Use a 5% salt-to-water brine, roughly 3 tablespoons of kosher salt per quart of water for chops. Tenderloin can go longer, up to overnight. Brined pork can sit closer to 150°F before drying out, which gives you more thermometer margin if you're not confident yet. If you've ever wondered why restaurant pork chops are noticeably juicier than yours, this is usually why. They brined. You didn't.
Common Mistakes
Cooking to 160°F on whole cuts
This is the big one. The USDA updated their guidance in 2011 and dropped the safe temp for whole pork cuts from 160°F to 145°F. A huge number of home cooks never got the memo and are still overcooking their pork by 15 degrees every single time. At 160°F a pork tenderloin is dry and stringy. At 145°F it is juicy and worth eating. Make the switch.
Cutting into it immediately
Rest your pork for at least 3 minutes before cutting. This is part of the USDA recommendation, not just a chef preference. Cutting immediately releases the juices onto the cutting board instead of keeping them in the meat. On a tenderloin especially, skipping the rest makes a noticeable difference in how dry the finished result feels.

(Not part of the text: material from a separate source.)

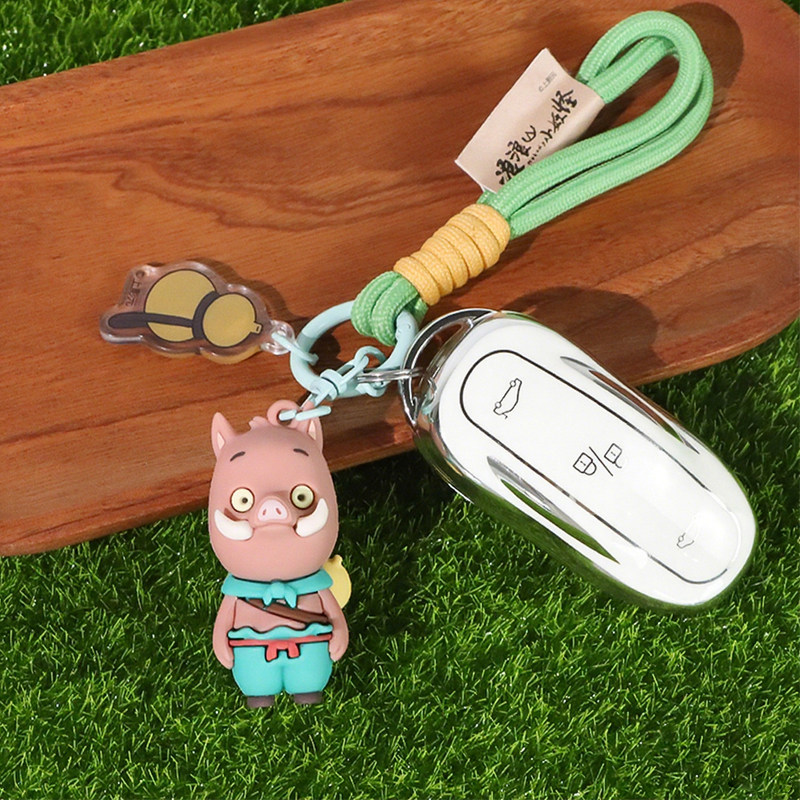 卡通马上有钱钥匙扣创意汽车钥匙链圈皮革手工编织绳书包挂件礼物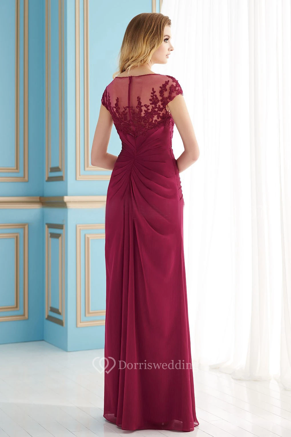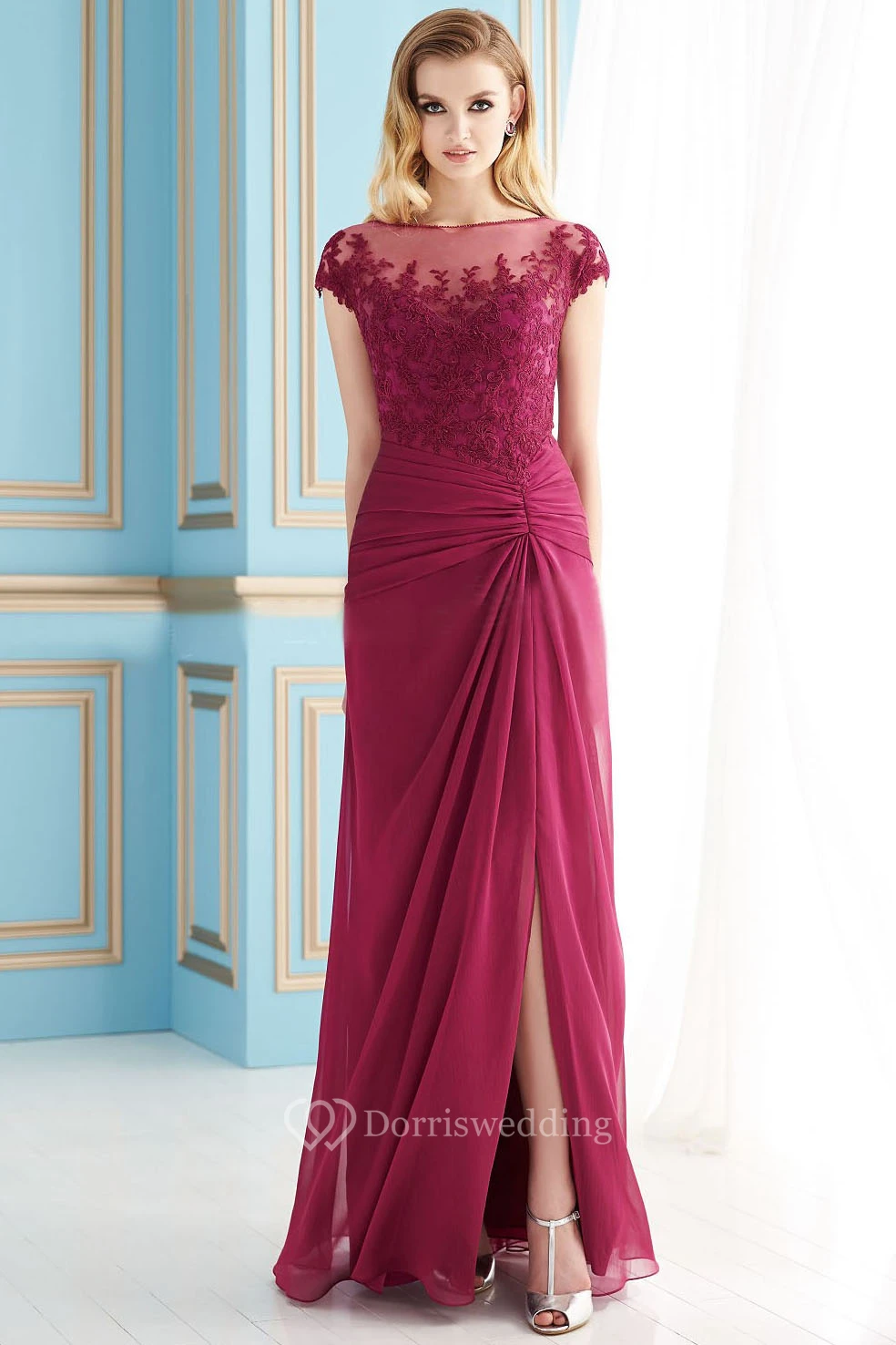 Cap-Sleeved Floor-Length Mother Of The Bride Dress With Front Slit And Lace Detail

Not accounting for carryover cooking
Pull at 5 degrees below your target. A pork chop pulled at 145°F will land closer to 150°F after a 3 minute rest. If you wait until the thermometer reads your target temp before pulling it off the heat, you've already overshot it.
Treating all cuts the same
Tenderloin and ribs are not the same animal in the kitchen. Tenderloin is lean, cooks fast, and dries out quickly past 145°F. Ribs and shoulder are fatty and collagen-rich. They need hours of low heat to become what they're supposed to be. Pulling a rack of ribs at 145°F because it's technically safe is like pulling a brisket at 145°F. Technically correct, practically inedible.
The Bottom Line
Buy a thermometer and stop cooking pork to 160°F. Whole cuts are done at 145°F with a 3 minute rest. Pink in the center is not a problem. Ground pork needs 160°F. Ribs and shoulder need 195 to 203°F. Everything else is just pulling at the right time and letting it rest before you cut in.